Python client library for the Agent Event Protocol — an observability framework for agent workflows.

Version: 0.4.1 · Python: ≥ 3.10 · Schema: AEP v0.2.0

📍 Project direction (2026-06): AEP is converging on OpenTelemetry rather than continuing as a standalone protocol. This SDK remains published and usable, and is the carry-forward / reference SDK — its framework auto-instrumentation, OTEL bridge, and signing feed contributions to the OTel GenAI semantic conventions.


Installation

From PyPI:

pip install agent-event-protocol

The PyPI distribution name is agent-event-protocol (the bare aep name was already taken on PyPI), but the import name is unchanged — you still write import aep.

From the repo root (development):

pip install -e "sdks/python[dev]"

Quick start

from aep import create_event, AEPClient

# Build a spec-compliant event
event = create_event(
    source="agent://my-agent",
    type="task.created",
    session_id="ses_001",
    trace_id="trc_001",
    payload={"task": "summarise document"},
)

# Emit to the AEP ingest server
with AEPClient(server_url="http://localhost:8787", api_key="aep_...") as client:
    result = client.emit(event)
    # {"accepted": True, "duplicate": False, "id": "evt_..."}

Environment variables are read automatically:

Variable Purpose Default
AEP_INGEST_URL Server base URL http://localhost:8787
AEP_API_KEY Bearer token

Async client

import asyncio
from aep import create_event, AsyncAEPClient

async def main():
    event = create_event(
        source="agent://my-agent",
        type="task.completed",
        session_id="ses_001",
        trace_id="trc_001",
        payload={"result": "done"},
    )
    async with AsyncAEPClient() as client:
        result = await client.emit(event)

asyncio.run(main())

Event types

from aep import CORE_EVENT_TYPES, EventType

# String constants
print(CORE_EVENT_TYPES)
# ['task.created', 'task.updated', ..., 'error.raised']

# Enum access
EventType.TOOL_CALLED.value  # 'tool.called'

The 12 core types: task.created, task.updated, task.completed, task.failed, tool.called, tool.result, memory.read, memory.write, handoff.started, handoff.completed, policy.blocked, error.raised.


Multi-agent / sub-agent workflows

from aep import create_event, AEPClient

trace_id = "trc_workflow_001"
orch_session = "ses_orchestrator_001"
sub_session = "ses_subagent_001"

orch_event = create_event(
    source="agent://orchestrator",
    type="task.created",
    session_id=orch_session,
    trace_id=trace_id,
    payload={"goal": "research AI observability"},
    agent_role="orchestrator",
)

sub_event = create_event(
    source="agent://subagent",
    type="task.created",
    session_id=sub_session,
    trace_id=trace_id,       # same trace_id ties sessions together
    parent_session_id=orch_session,  # links to parent
    payload={"subtask": "web search"},
    agent_role="subagent",
)

with AEPClient() as client:
    client.emit_batch([orch_event, sub_event])
    tree = client.get_session_tree(orch_session)
    workflow = client.get_workflow(trace_id)

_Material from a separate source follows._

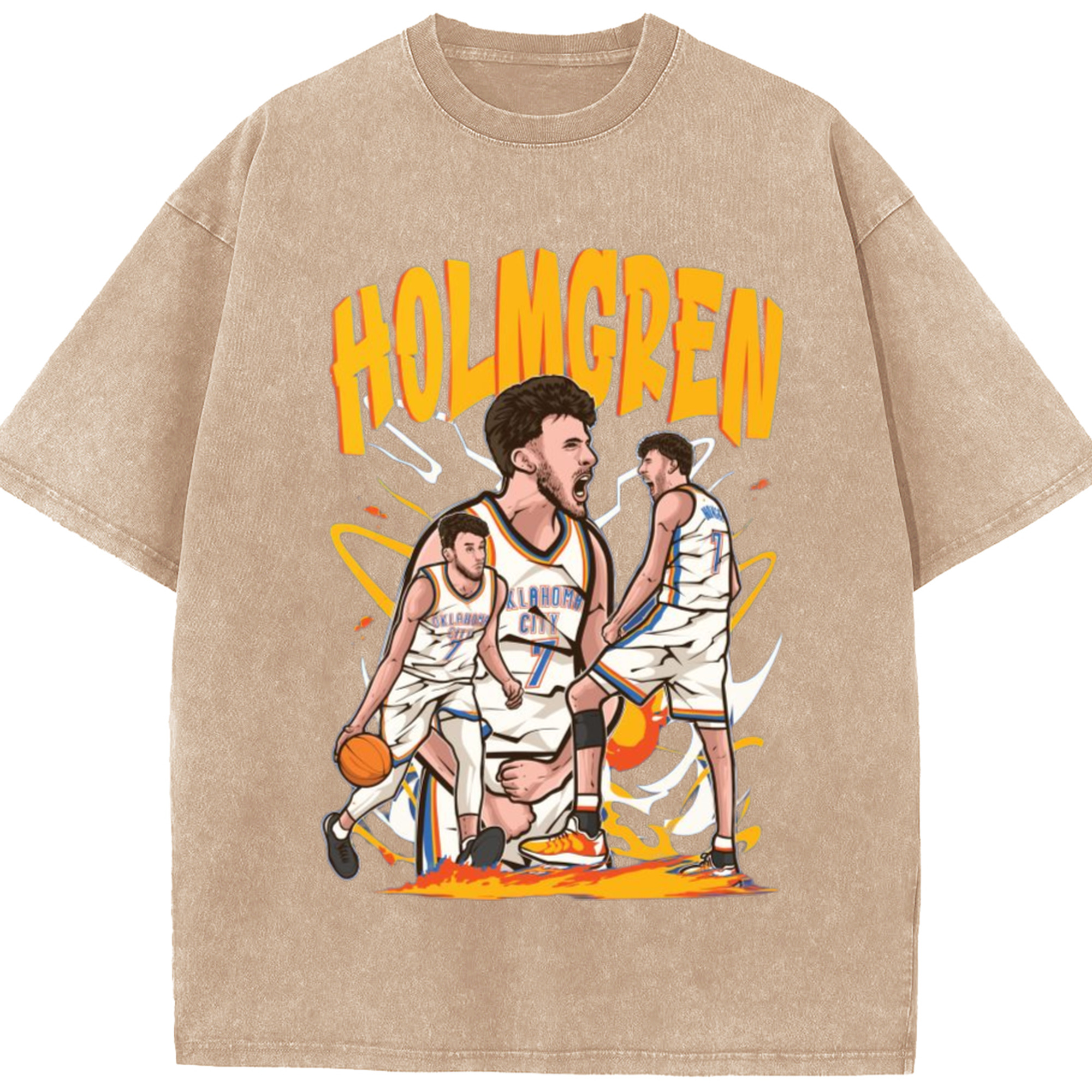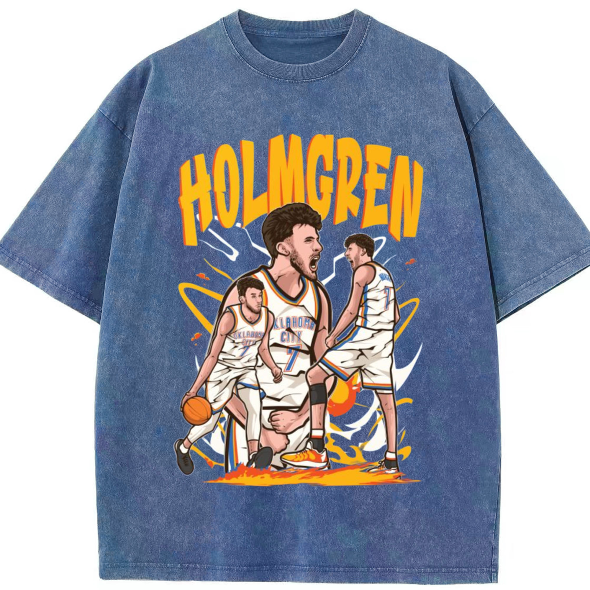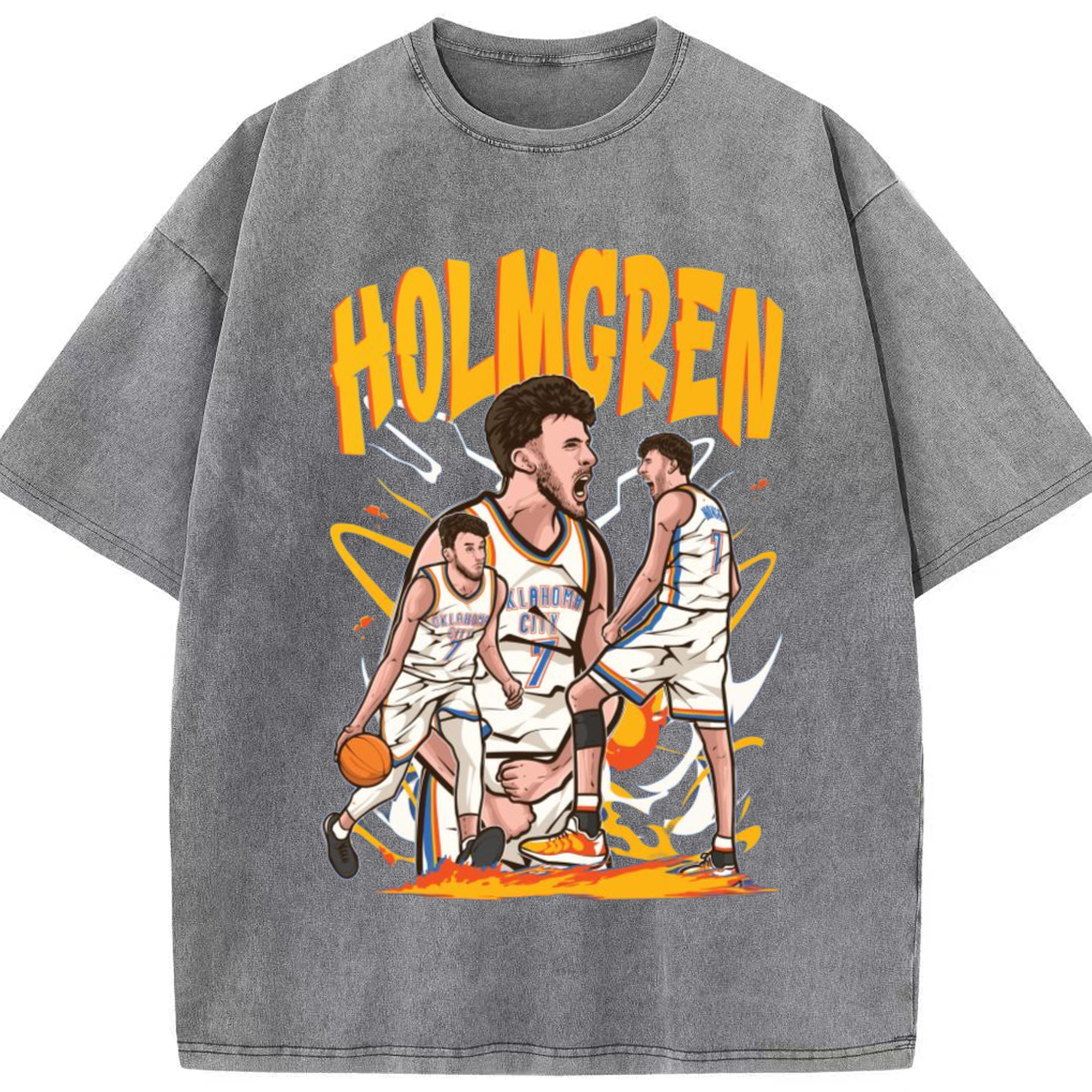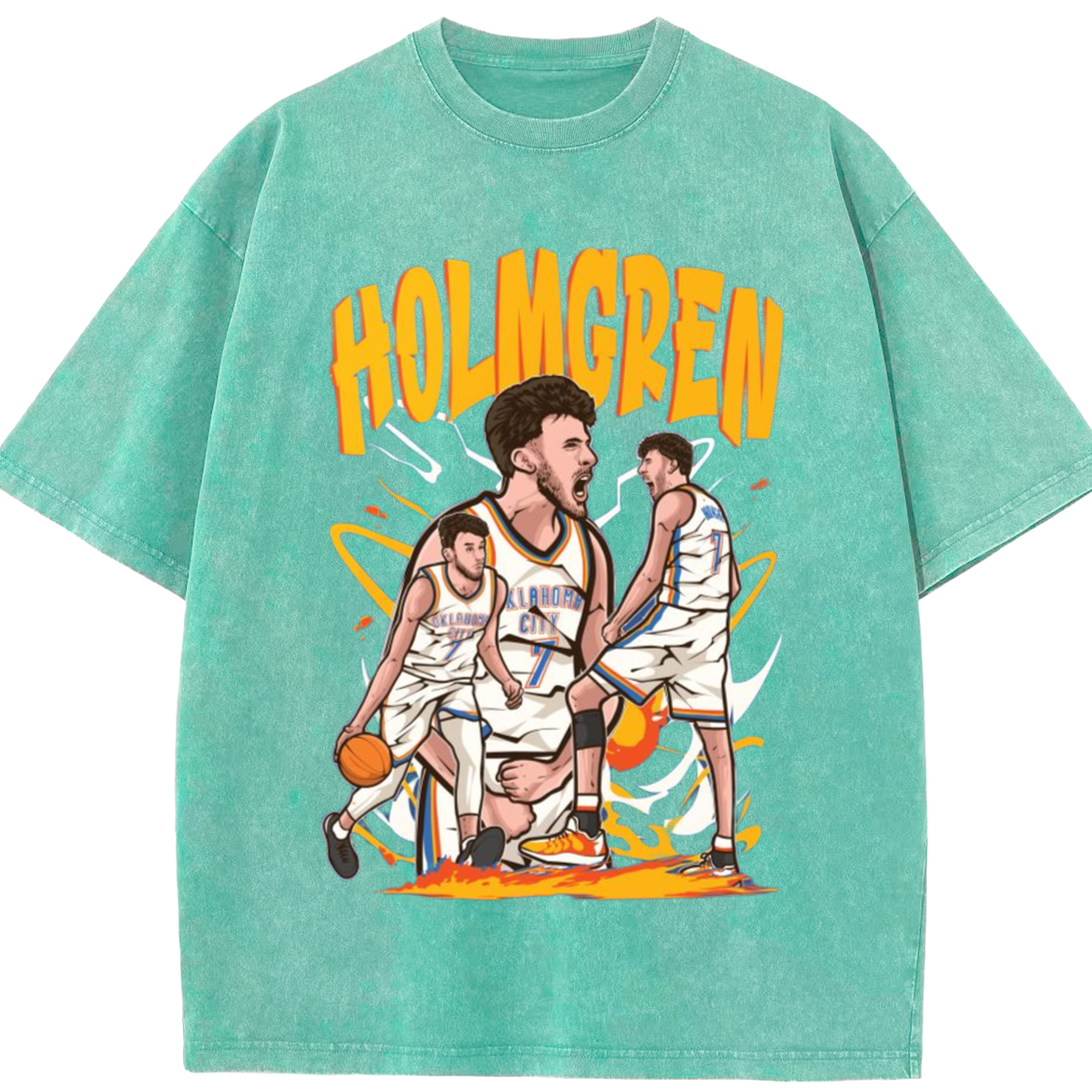Chet Holmgren OKC Thunder Comic style T-shirt - Washed Vintage Look 230g Cotton Oversized T-Shirt With Front Heat Transfer Print – Soft, Lightweight, Stylish Fit – Comfortable Casual Wear For Sports & Everyday Use

Auto-instrumentation (LangGraph, CrewAI, AutoGen, OpenAI Agents SDK & Claude Agent SDK)

Emit the full multi-agent DAG from a LangGraph, CrewAI, AutoGen AgentChat, OpenAI Agents SDK, or Anthropic Claude Agent SDK workflow with no changes to your code — one aep.instrument() call wires AEP events to the run, every sub-agent, each tool call, and the handoffs between them. Only the frameworks you actually use need be installed; instrumenting CrewAI, AutoGen, the OpenAI Agents SDK, or the Claude Agent SDK does not require LangChain.

pip install -e "sdks/python[langgraph]"   # adds langgraph + langchain-core
import aep
aep.instrument()          # reads AEP_INGEST_URL / AEP_API_KEY (or pass them in)

# ... build and run your StateGraph exactly as usual ...
app = graph.compile()
app.invoke({"topic": "AI agent observability"})

aep.flush()               # block until buffered telemetry is sent (see below)
# aep.uninstrument()      # optional: restore original behavior (also flushes)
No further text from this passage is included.